(Excerpted records begins)

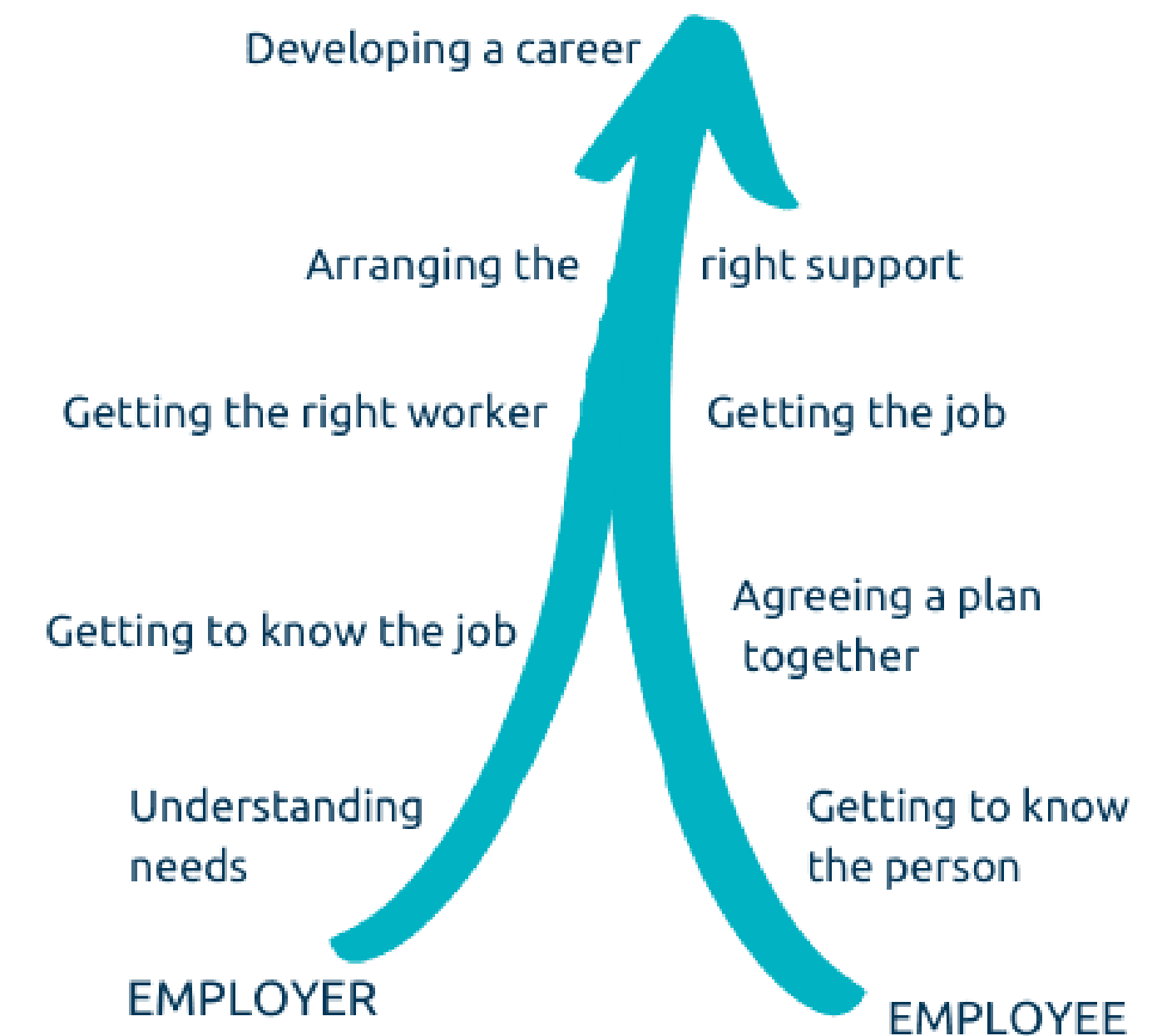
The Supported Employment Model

(Excerpted records ends)
(Excerpted records begins)

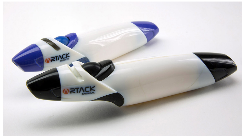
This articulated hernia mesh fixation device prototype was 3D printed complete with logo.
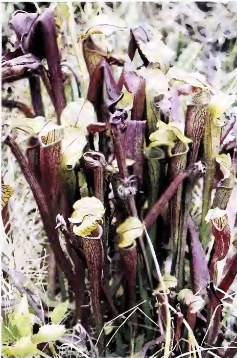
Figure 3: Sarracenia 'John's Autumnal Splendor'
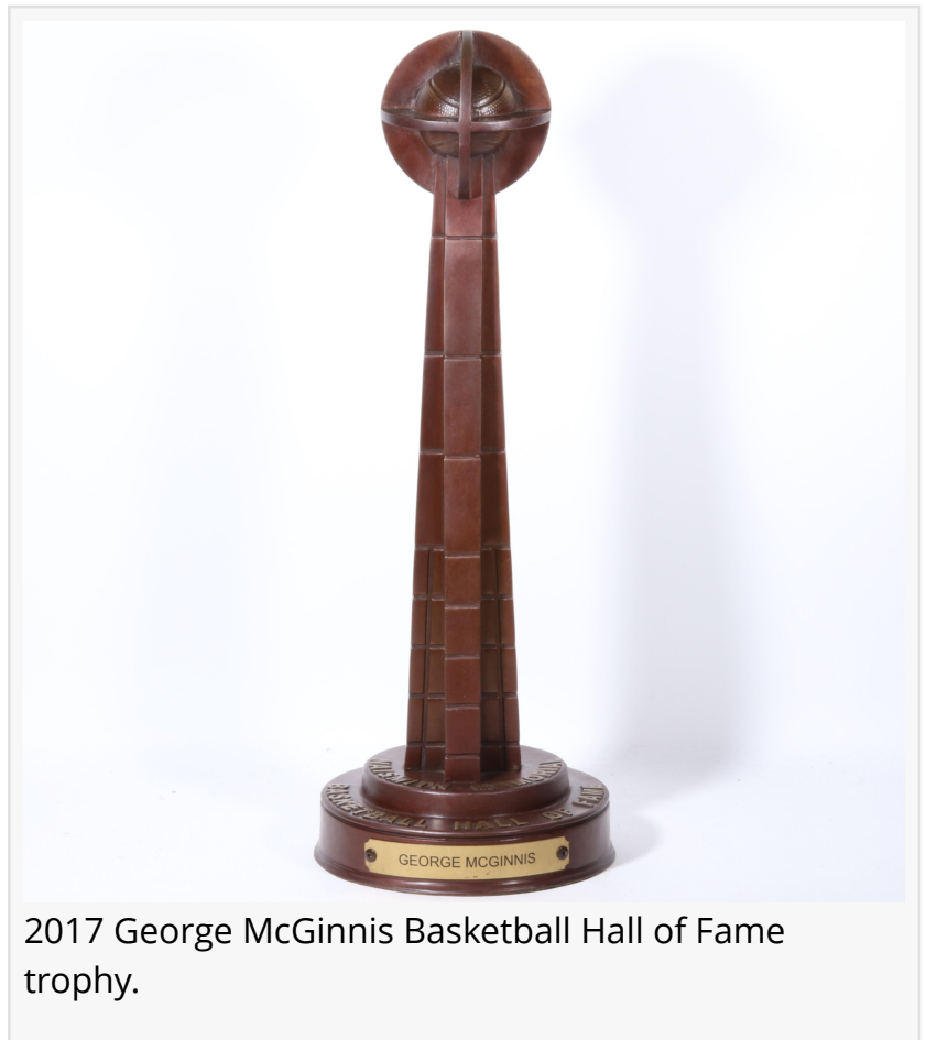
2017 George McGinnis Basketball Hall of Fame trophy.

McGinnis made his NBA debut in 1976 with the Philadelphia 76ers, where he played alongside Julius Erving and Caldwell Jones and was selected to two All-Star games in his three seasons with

(Excerpted records ends)

Lines with "McGinnis": copy every one of them from the listing above.

2017 George McGinnis Basketball Hall of Fame trophy.
McGinnis made his NBA debut in 1976 with the Philadelphia 76ers, where he played alongside Julius Erving and Caldwell Jones and was selected to two All-Star games in his three seasons with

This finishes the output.